→ WHAT THE TASK ASKS:
Lines from the one with "November 17 is" through the end of the records, and no others, are what the answer should contain, copied exactly; please keep pictures out.

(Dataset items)
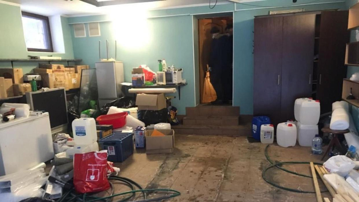 В ходе обыска в оперативники обнаружили и изъяли 2 полимерных пакета со светлым кристаллическим веществом, 40 канистр химических реактивов и прекурсоров, лабораторную посуду, мерные весы, респираторы и спецодежду.
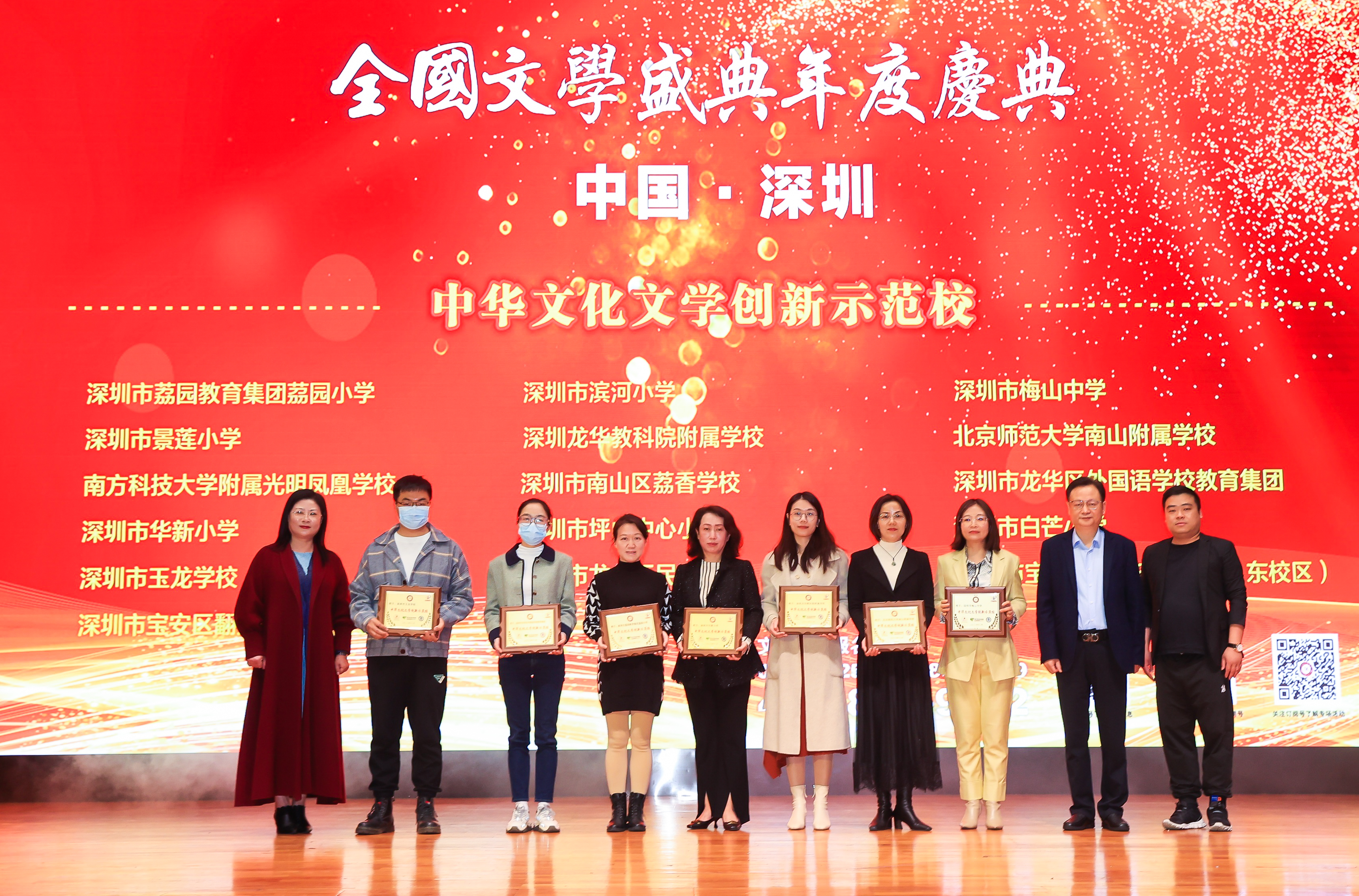 中華文化創(chuàng)新文學(xué)示范校獲獎代表合影
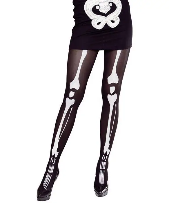 Collant squelette pour femme. Ce collant de qualité 40 deniers est noir avec des impressions blanches d’os, tibia, fémur, et autres.
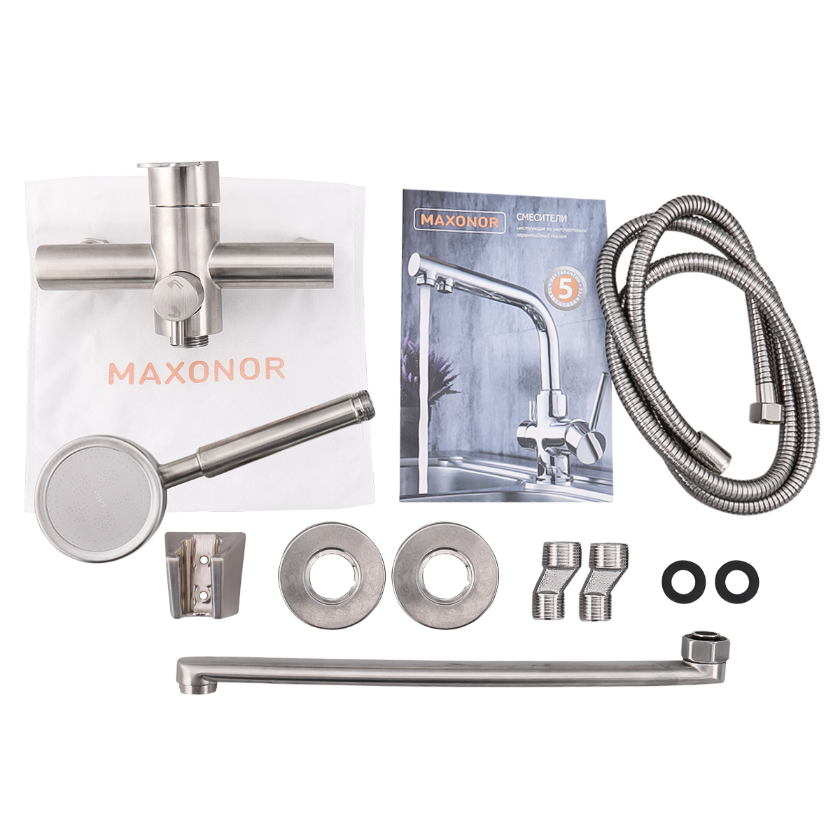 Смеситель для ванны MAXOR сатин с длинным изливом 320 мм 22801
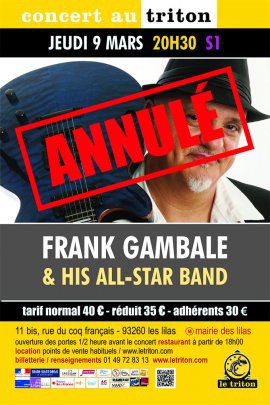 Connu dans le monde entier pour ses 36 ans en tant que guitariste aux côtés de la légende du jazz Chick Corea, Frank Gambale a également une superbe carrière solo. C’est un grand honneur pour nous de le recevoir pour la première fois sur notre scène, où il sera entouré des trois jeunes et très talentueux musiciens qui composent sa formation « All-Star ». En trio, Frank Gambale nous présentera un large éventail de ses plus grands tubes ainsi que de nouveaux morceaux, spécifiquement écrits pour ce groupe All-Star. La musique contagieuse et joyeuse de Gambale et sa maîtrise absolue de la guitare se combinent jusqu’à inspirer cette citation du maître Chick Corea "Frank est l'un des meilleurs guitaristes à avoir jamais marché sur la planète" et du guitariste Pat Metheny pour dire "J'aimerais prendre un mois de congé et étudier avec Frank Gambale". John McLaughlin, quant à lui, s’amuse du brio de son compère guitariste en affirmant : "Je veux lui couper les mains". Quel hommage ! Un événement à ne manquer sous aucun prétexte…
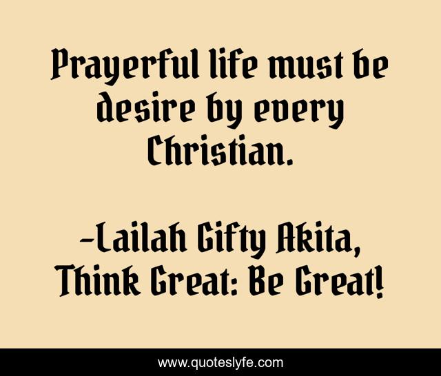 "Lailah Gifty Akita, Think Great: Be Great! Quotes." Quoteslyfe.com, 2025. Mon. 08 Dec. 2025. <https://www.quoteslyfe.com/quote/Prayerful-life-must-be-desire-by-every-85650>.
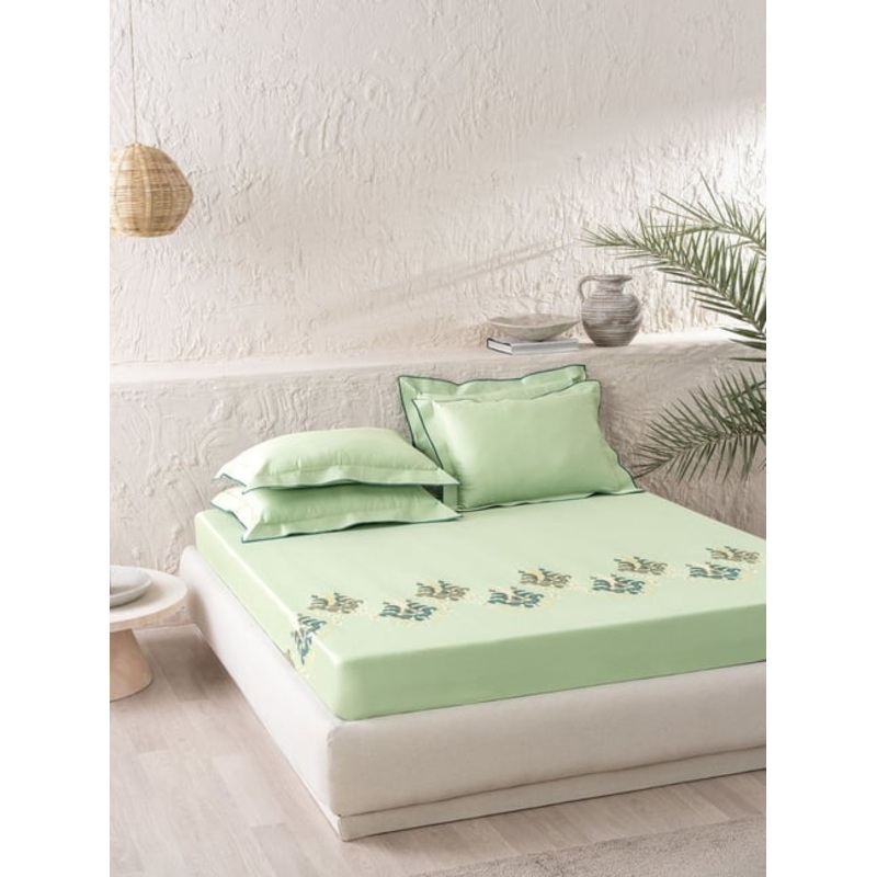 Exquisite Embroidered King Size Bed Sheet Set with beautiful design & refreshing Colors. A unique combination of superfine Combed Cotton & finely crafted embroidery designs offers sheer comfort & emphatic look. Make your home interiors look modern and chic
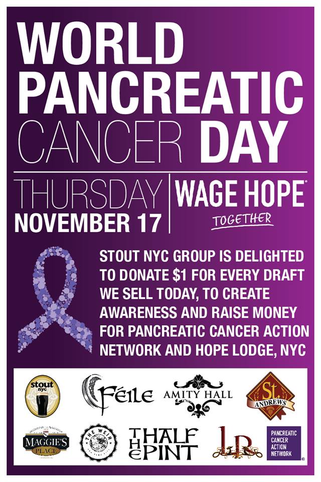 November 17 is World Pancreatic Cancer Day. One of New York City’s premier family of bars, The Stout Group, will be raising funds today at all of their locations. $1 of every draft beer they sell today will be donated to the Pancreatic Cancer Action Network and Hope Lodge NYC.
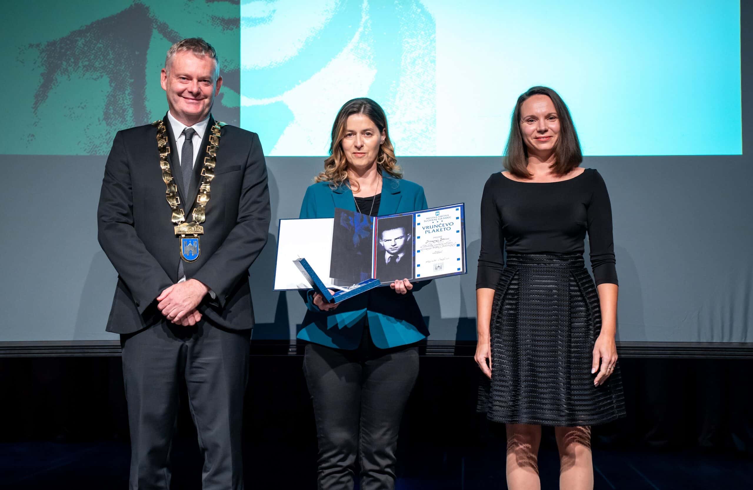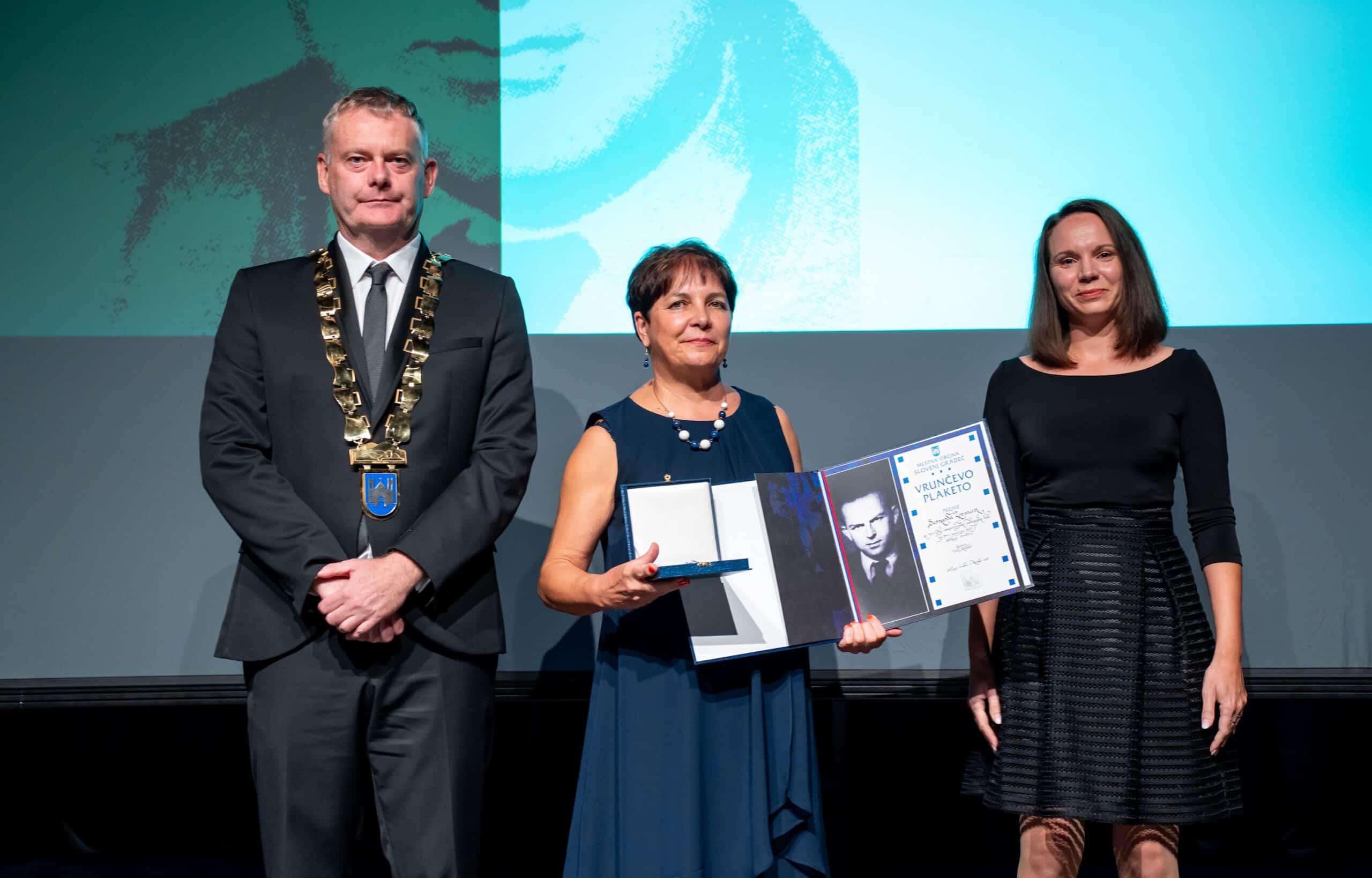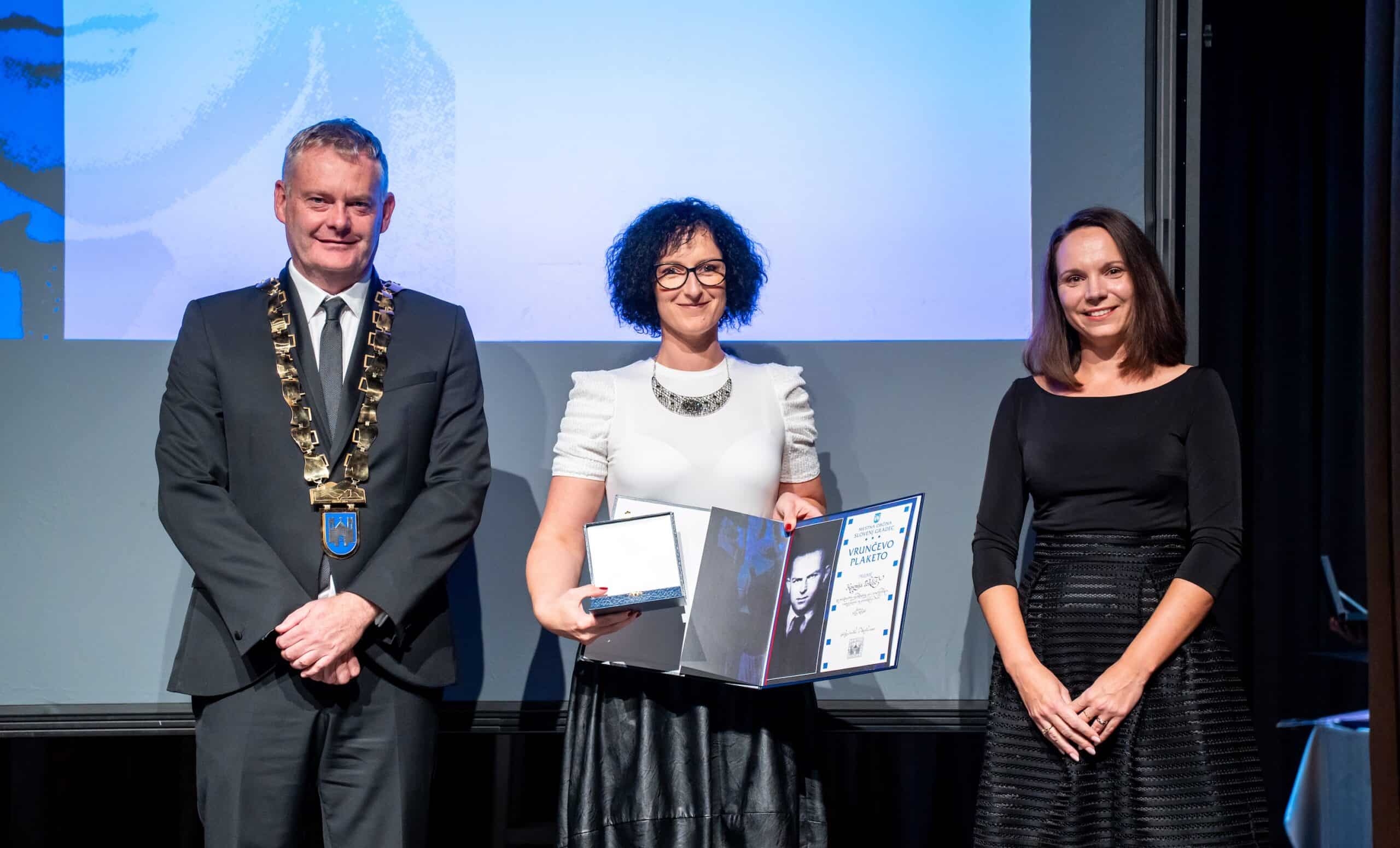 Dobitnice Vrunčevih plaket so: Ksenija Poklič za mentorstvo najmlajšim pri umetniškem ustvarjanju in projektno delo, Simona Štruc za pedagoške uspehe na področju izobraževanja odraslih in mladostnikov in Bernarda Zorman za 40-letno vsestransko pedagoško delo na Prvi osnovni šoli v Slovenj Gradcu.

→ WRITTEN ANSWER:
 November 17 is World Pancreatic Cancer Day. One of New York City’s premier family of bars, The Stout Group, will be raising funds today at all of their locations. $1 of every draft beer they sell today will be donated to the Pancreatic Cancer Action Network and Hope Lodge NYC.
 Dobitnice Vrunčevih plaket so: Ksenija Poklič za mentorstvo najmlajšim pri umetniškem ustvarjanju in projektno delo, Simona Štruc za pedagoške uspehe na področju izobraževanja odraslih in mladostnikov in Bernarda Zorman za 40-letno vsestransko pedagoško delo na Prvi osnovni šoli v Slovenj Gradcu.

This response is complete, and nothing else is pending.